**Problem statement:** Only one span of the material below is wanted. Output it exactly, from the line with "Soundance Laptop Stand, Aluminum" through the line with "TM1628天微SOP28封裝 帶鍵盤掃描接口的LED驅(qū)動控制專用IC", without any pictures.

**Material for this exercise:**
----

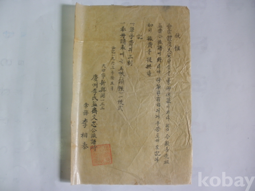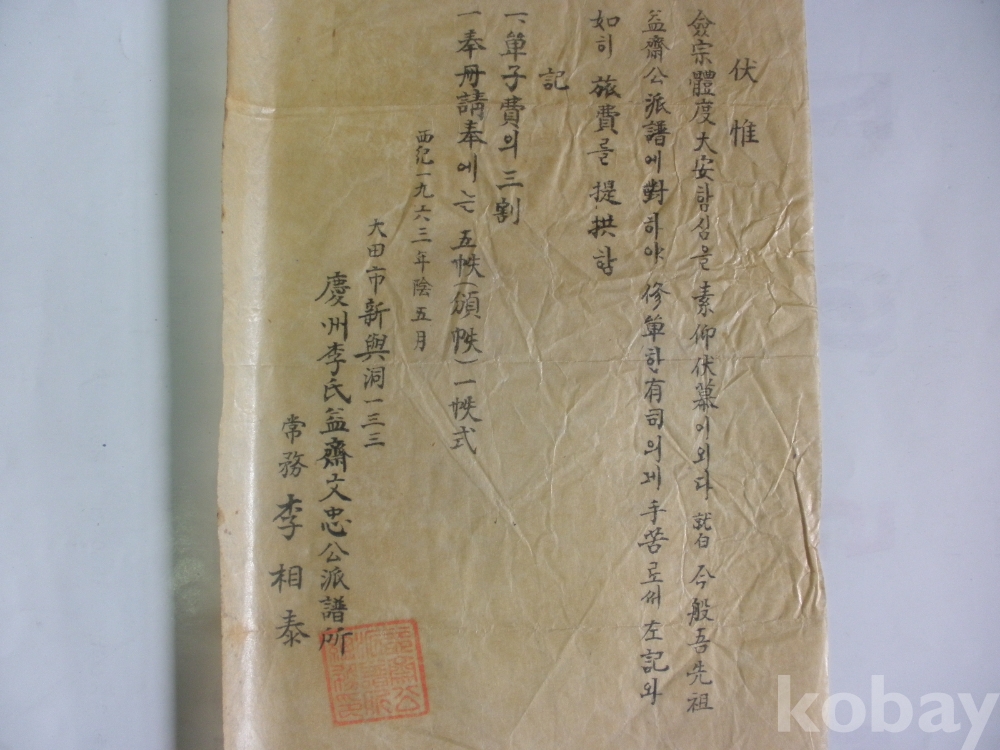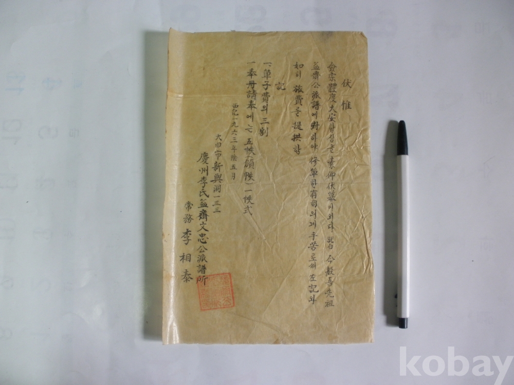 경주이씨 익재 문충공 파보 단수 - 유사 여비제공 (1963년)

----

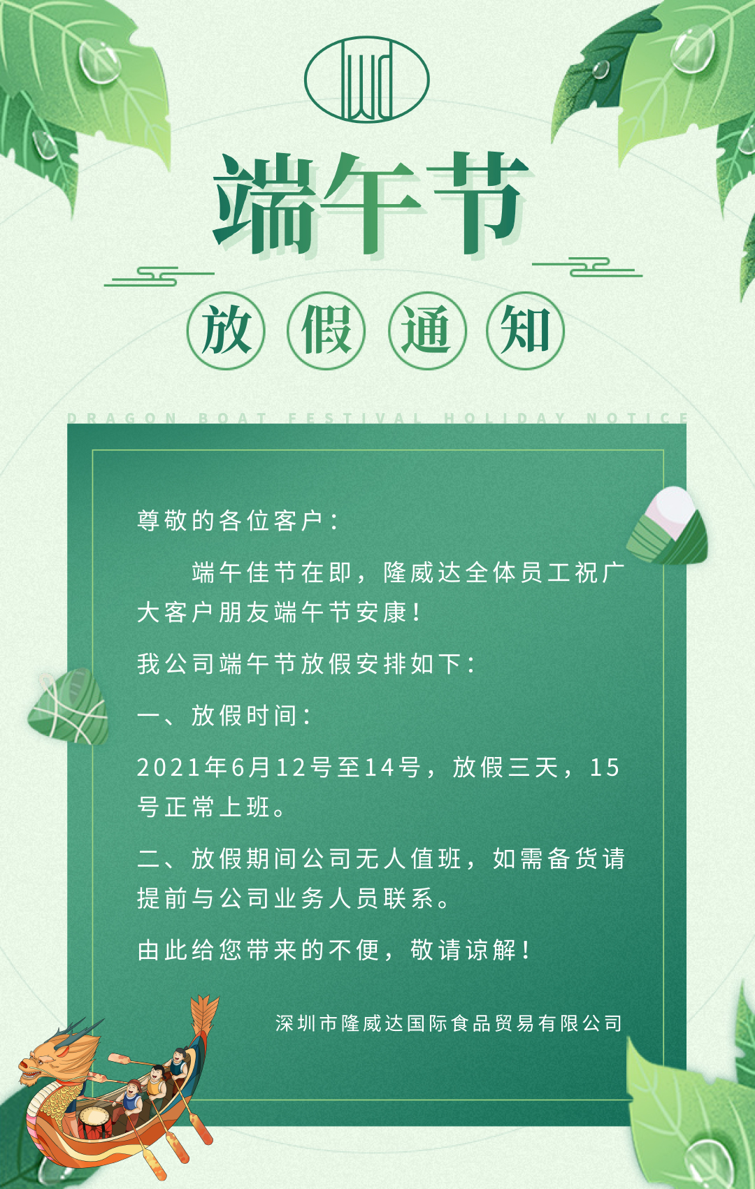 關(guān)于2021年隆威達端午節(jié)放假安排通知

----

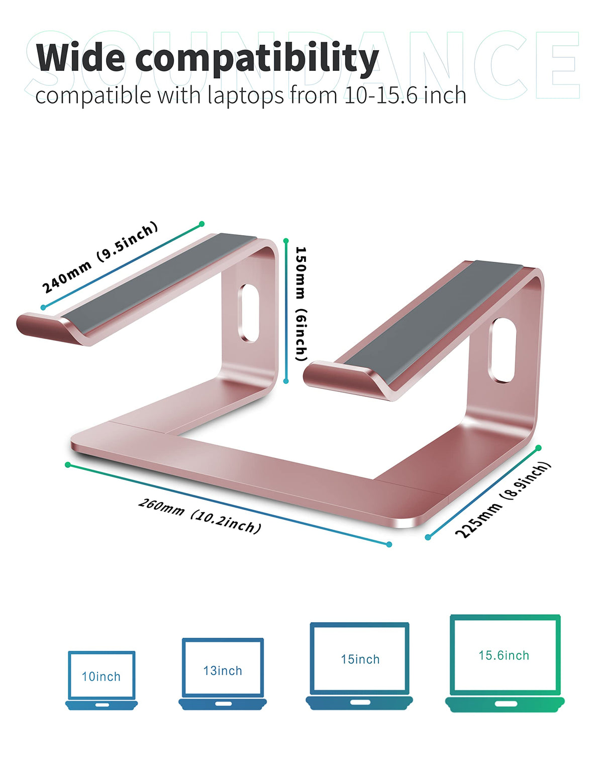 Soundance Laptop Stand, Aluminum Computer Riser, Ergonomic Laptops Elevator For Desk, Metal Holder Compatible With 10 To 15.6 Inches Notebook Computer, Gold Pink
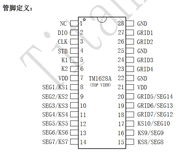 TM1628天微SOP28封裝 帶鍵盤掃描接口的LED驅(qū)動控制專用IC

----

**Response area:**
 Soundance Laptop Stand, Aluminum Computer Riser, Ergonomic Laptops Elevator For Desk, Metal Holder Compatible With 10 To 15.6 Inches Notebook Computer, Gold Pink
 TM1628天微SOP28封裝 帶鍵盤掃描接口的LED驅(qū)動控制專用IC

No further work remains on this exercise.